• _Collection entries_
⟨

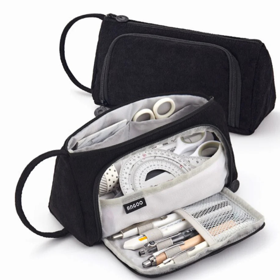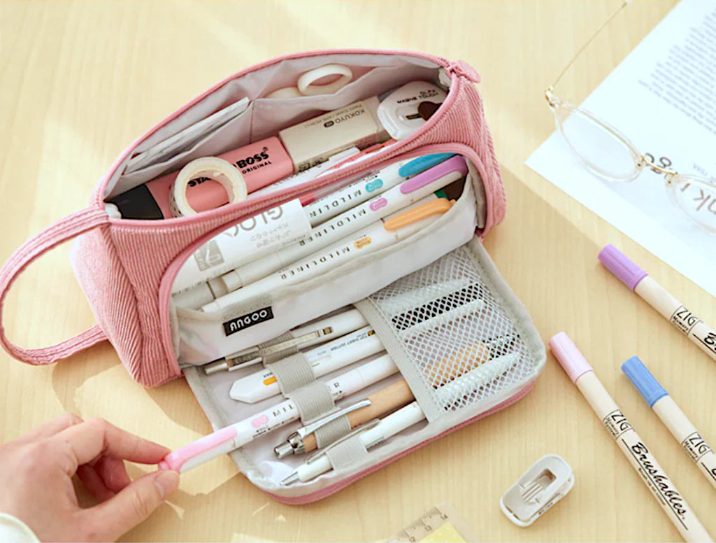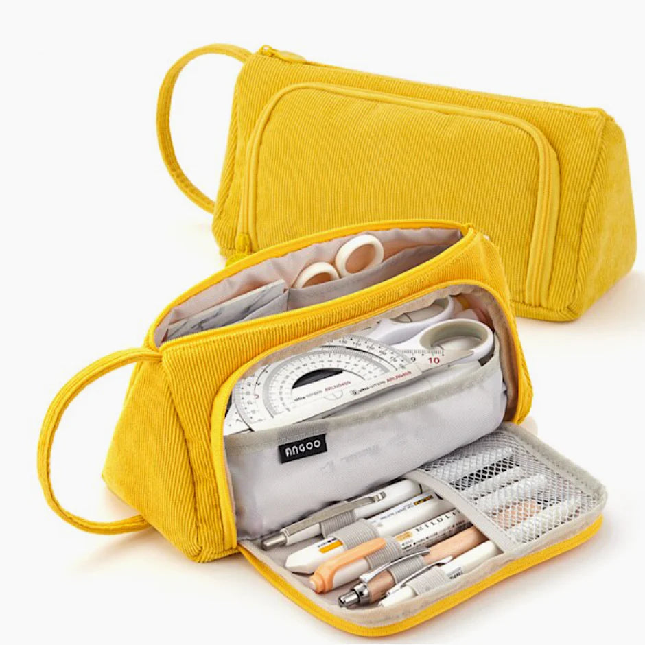 Stay organized in style with the Triangle Corduroy Pencil Case, designed for easy access and efficient storage. Its unique side-opening mesh pocket lets you quickly grab your most-used writing tools, while the main compartment includes two smaller pockets for erasers, sticky notes, or memo pads.
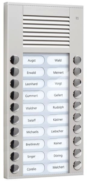 integrierte Klingeltastenverdrahtung, Metallklingelknöpfe mit vergoldeten und wartungsfreien Tastenkontakten, langlebige Namensschildbeleuchtung durch Leuchtdioden, langlebige Namensschildabdeckung aus 5 mm dickem Kunststoffglas, Namensschildgröße 41 x 15 mm, beliebige Klingeltaste als Lichtschalttaste nutzbar, Lichtsymbole liegt bei, Kontrollton für den Besucher beim Drücken der Klingeltaste, sehr einfache Montage und Installation, Temperaturbereich: -20 Grad C bis +50 Grad C, mit Mikrofon, Lautsprecher und Elektronik für einfachen Anschluss an den TCS:BUS, gute Sprachqualität, Lautstärke und Mikrofonempfindlichkeit einstellbar, für den Anschluss weiterer Klingeltastenerweiterungen vorbereitet, Farbe: Aluminium eloxiert natur, Abmessungen: 280 x 135 x 20 mm
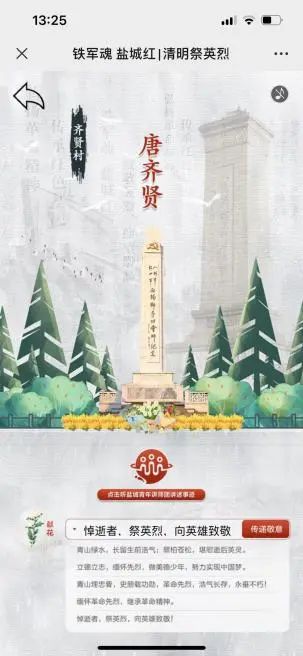 “雪融春暖清明時(shí),一花一樹寄哀思”,4月5日,大豐港區(qū)各子(控)公司、各單位員工集體開展線上追思,為劉學(xué)忠、吳長(zhǎng)安、陳朝榮等多位鹽城當(dāng)?shù)赜⒘夷?。通過(guò)“鐵軍魂、鹽城紅”云祭掃平臺(tái),聆聽一段故事、獻(xiàn)上一束鮮花、留下一段悼詞……整個(gè)過(guò)程簡(jiǎn)單卻莊重肅穆,寄托了無(wú)限的哀思。
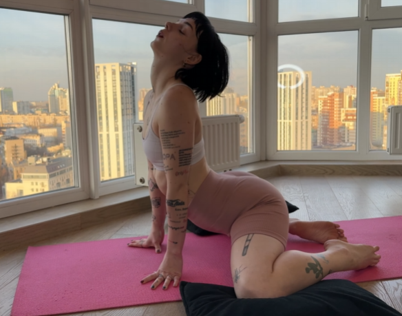 The movements were slow, like liquid. Her spine rippled gently, releasing stiffness accumulated during the night. Her breath guided her, connecting mind and body in a peaceful rhythm.
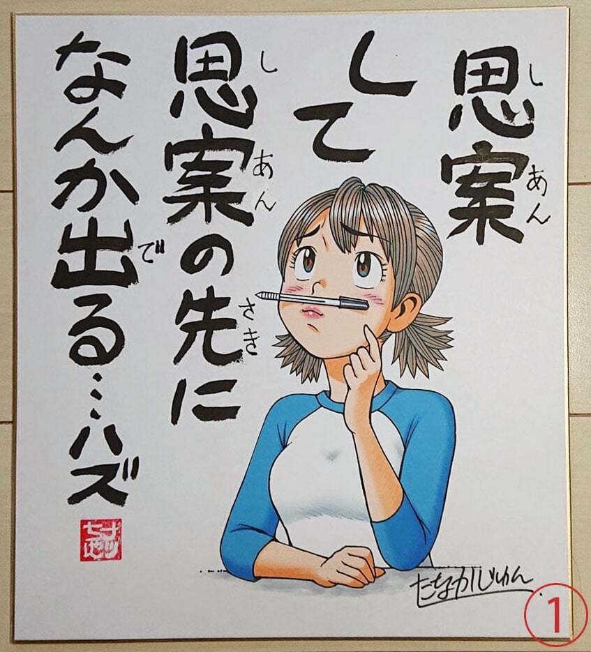 New! たなかじゅん先生 【ナッちゃん 名言(?)】直筆カラーイラストサイン色紙①
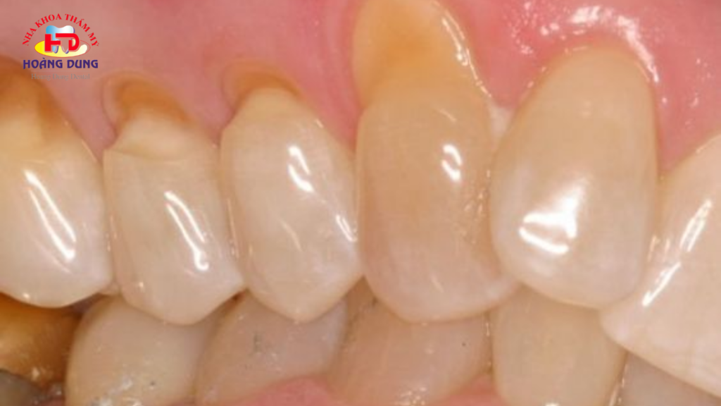 Lớp men răng bị mài mòn có thể làm răng bị thay đổi màu sắc. Răng không còn vẻ trắng sáng tự nhiên mà thường trở nên mờ hoặc có màu vàng.

⟩

• _WORK REQUEST_
The line with "integrierte Klingeltastenverdrahtung, Metallklingelknöpfe" ends the range, and the first line of the data begins it; repeat exactly those lines and nothing more, omitting pictures.

• _RESPONSE BELOW_
 Stay organized in style with the Triangle Corduroy Pencil Case, designed for easy access and efficient storage. Its unique side-opening mesh pocket lets you quickly grab your most-used writing tools, while the main compartment includes two smaller pockets for erasers, sticky notes, or memo pads.
 integrierte Klingeltastenverdrahtung, Metallklingelknöpfe mit vergoldeten und wartungsfreien Tastenkontakten, langlebige Namensschildbeleuchtung durch Leuchtdioden, langlebige Namensschildabdeckung aus 5 mm dickem Kunststoffglas, Namensschildgröße 41 x 15 mm, beliebige Klingeltaste als Lichtschalttaste nutzbar, Lichtsymbole liegt bei, Kontrollton für den Besucher beim Drücken der Klingeltaste, sehr einfache Montage und Installation, Temperaturbereich: -20 Grad C bis +50 Grad C, mit Mikrofon, Lautsprecher und Elektronik für einfachen Anschluss an den TCS:BUS, gute Sprachqualität, Lautstärke und Mikrofonempfindlichkeit einstellbar, für den Anschluss weiterer Klingeltastenerweiterungen vorbereitet, Farbe: Aluminium eloxiert natur, Abmessungen: 280 x 135 x 20 mm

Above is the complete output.